Tech-savvy time-saver: notebook lm

Wednesday, January 08, 2025

How You Can Squeeze Notebook LM

It claims to be happy with a URL. Try it and you find it doesn't do much - in fact, nothing at all..

So, what *can* you do?

Download the website - say it's one of those ancient online books with a TOC and Previous/Next buttons on each page. Use httrack.

Then, use this script (click to select) to (since Notebook LM takes markdown) pull the text from each page *meaningfully*. That is, you're saying Notebook LM is smart enough to make something out of headings. Else, you could just give it text. Ja? :)
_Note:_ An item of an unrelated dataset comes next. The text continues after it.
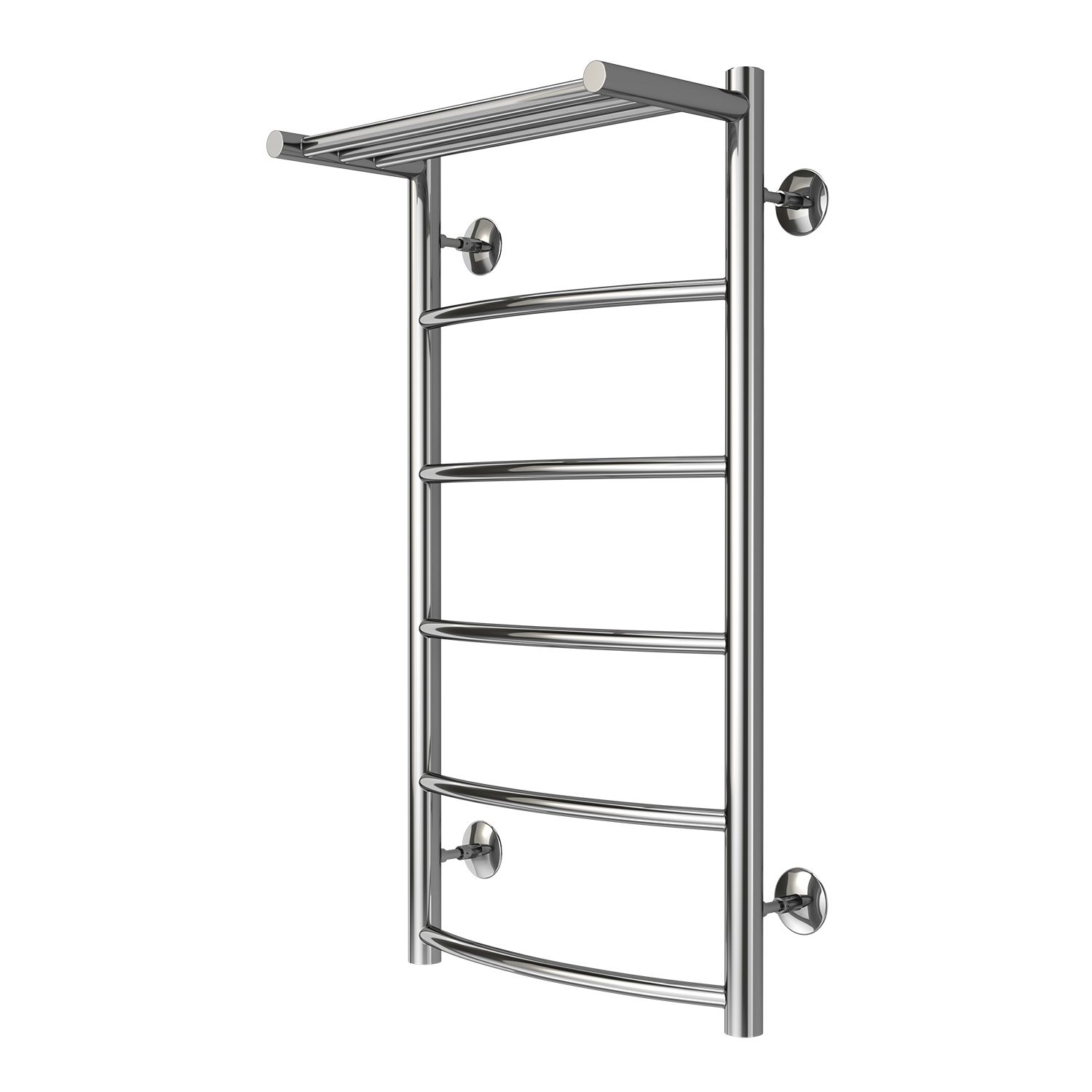 Полотенцесушитель водяной AZARIO VERONA AZ04148P 400/800 с полкой, 5 секций, нижнее/диагональное подключение, 1/2, хром

Yes, you might need to ask chatGPT for a bash script to put all the text files into one - since N LM says something about a 50 file limit.


import sys
import os
import html2text

def convert_html_to_text(input_path, output_path):
    # Read the HTML content from the input file
    try:
        with open(input_path, "r", encoding="utf-8") as infile:
            html_content = infile.read()
    except FileNotFoundError:
        print(f"Error: The file '{input_path}' was not found.")
        sys.exit(1)
    except Exception as e:
        print(f"Error reading the file '{input_path}': {e}")
        sys.exit(1)
    
    # Convert HTML to text
    text_maker = html2text.HTML2Text()
    text_maker.ignore_links = True  # Optional: Ignore links in the output
    text = text_maker.handle(html_content)
    
    # Write the plain text to the output file
    try:
        with open(output_path, "w", encoding="utf-8") as outfile:
            outfile.write(text)
        print(f"Text successfully written to '{output_path}'.")
    except Exception as e:
        print(f"Error writing to the file '{output_path}': {e}")
        sys.exit(1)

if __name__ == "__main__":
    # Ensure correct usage
    if len(sys.argv) != 3:
        print("Usage: python html2text_converter.py <input_file> <output_file_or_directory>")
        sys.exit(1)
    
    # Get command-line arguments
    input_file = sys.argv[1]
    output_arg = sys.argv[2]
    
    # Check if input file exists
    if not os.path.isfile(input_file):
        print(f"Error: The input file '{input_file}' does not exist.")
        sys.exit(1)
    
    # Determine output path
    if os.path.isdir(output_arg):
        # If output_arg is a directory, create the output file path
        output_file = os.path.join(
            output_arg,
            os.path.splitext(os.path.basename(input_file))[0] + ".md"
        )
    else:
        # If output_arg is a file, use it directly
        output_file = output_arg
    
    # Perform conversion
    convert_html_to_text(input_file, output_file)

And then:
$ for fil in download_folder_name/www.websitename.com/somefolder/text/*.html ; 
do python3 script.py $fil destination_dir; done

Then, just upload the files from this destination directory and you're ready to start chatting with your data. It does work!